2011-05-09 - New major features!
  • Hive expansion! Library now does hive file expansion by default if needed to when adding keys/values (but you can turn it off, safe mode). If expansion occured, you will get a warning when writing back.
  • .reg file import! Will read files from regedit.exe in most cases (UTF-16) but can miss on some international characters. Also reads "latin" (8 bit) files.
  • There were a lot of goofs by me in the add/delete key and value handling, which made windows complain and lose data. Hope I managed to fix them.
  • Also, found out more about how Windows does things, for example more details of empty name (default) value, zero-size values, large values (gets split internally) and other special cases.
  • Did quite a lot of testing by importing for example the SOFTWARE\Classes tree with regedit.exe and importing it again into the DEFAULT hive with my tool, then ask windows to "Load hive" (in regedit.exe). If it does not complain in the event log, it is good. (Also, seems like windows has gotten better at not bluescreening on a corrupt registry hive, did not get a single one when doing this with pretty messed up hives in win7 and Vista)

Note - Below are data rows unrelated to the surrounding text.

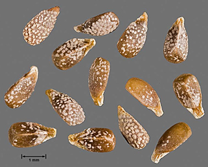 Nutlet narrowly oblong to oblanceolate in outline, apex rounded to truncate, base long-tapered, cross-section triangular to sector-shaped (rounded on dorsal side, ventrally ridged), 1.5–2.2 mm long x 0.9–1.1 mm wide. Surface dull (looking somewhat enameled under maghification), finely reticulated to honeycombed, various shades of brown, with a honeycombed outer layer forming white splotches where thick. Base of nutlet covered with a thick, yellowish, waxy substance (i.e., elaiosome).
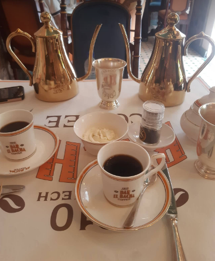 El Bacha coffee, ready for the cream, sugar and shavings of chocolate.
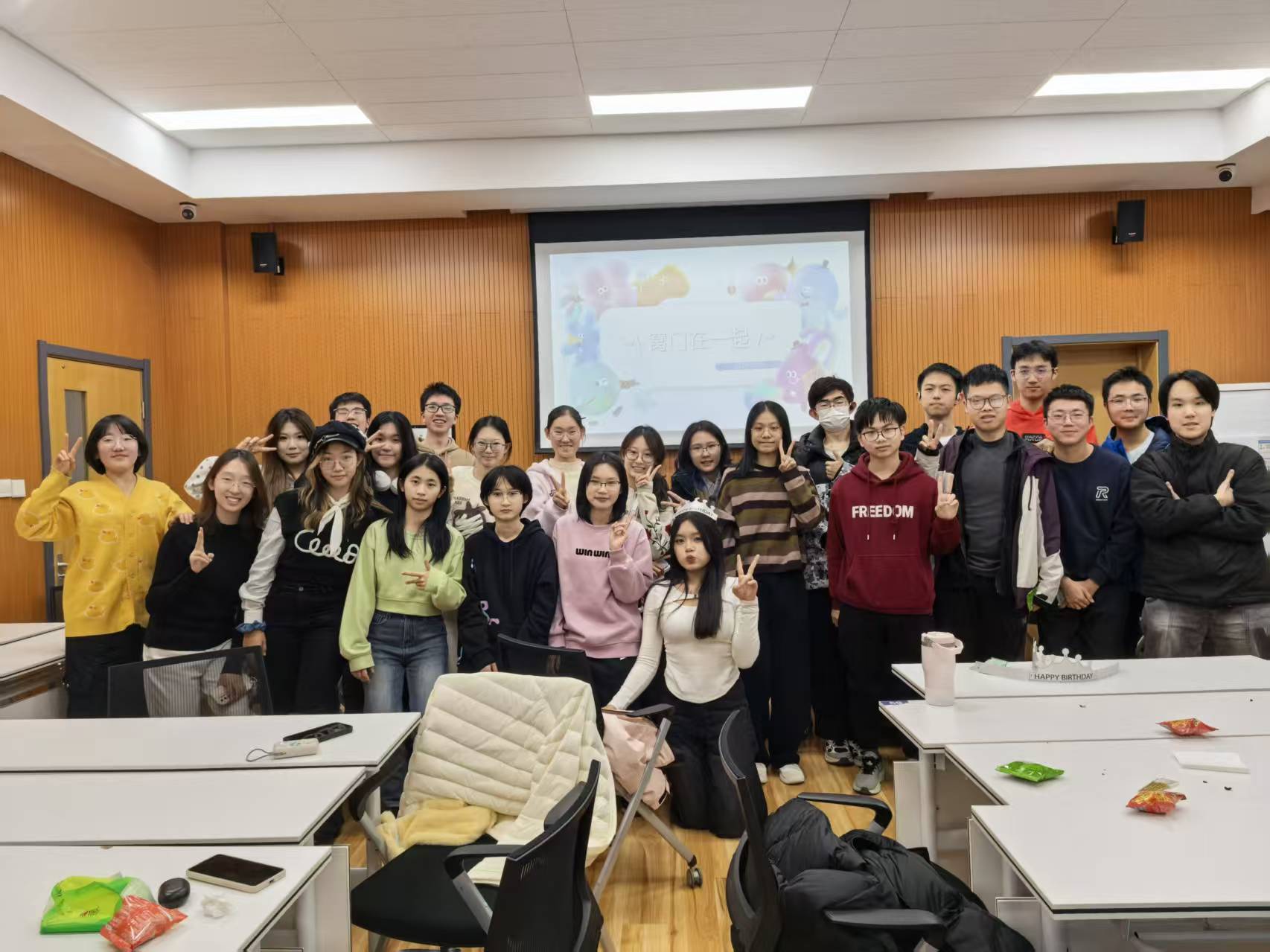 2025年12月9日晚18:00,98色花堂 2025级综合&励耘班为生日在9-12月的小寿星们举办了生日会。活动由生活委员缪蕴美、柴一诺策划并主持,两班同学均有到场,班主任齐老师惊喜参会。 活动伊始,二位主持人为前来祝寿的同学们分发了印有零散故事片段的小纸条作为分组的依据,能够拼出一则完整故事的字条被分到同一个小组。有趣的小故事让现场充满了快活的空气。 接着,大屏上依次呈现出各位小寿星们的个性特征,随着“星动嘉宾”的神秘身份被一一揭晓,各个小组也迎来了它们的小组长。轻松的互动环节增进了同学们的彼此了解,同时让生日会的氛围更加愉快。 热场环节过后,便是万众期待的分蛋糕环节!全场熄灯,烛光曳曳,《生日歌》的旋律轻轻响起;一齐拍手,一同唱歌,友谊的涟漪悠悠泛起。小寿星许下心愿,种下祝福;同学们目光炯炯,暖意浓浓。综合励耘在此时此刻变成了一个拥抱着所有人的大家庭。

  • Be aware that .reg import is currently very slow, since I messed up the design for the string reading badly, and also the add routines is not exactly optimized. Consider it a proof of concept! Example: Import of SOFTWARE\Microsoft tree (exported by regedit.exe) into the small DEFAULT hive took more than 10 minutes on a pretty fast machine. Especially hex data is slow (one byte at a time.. lazy me..)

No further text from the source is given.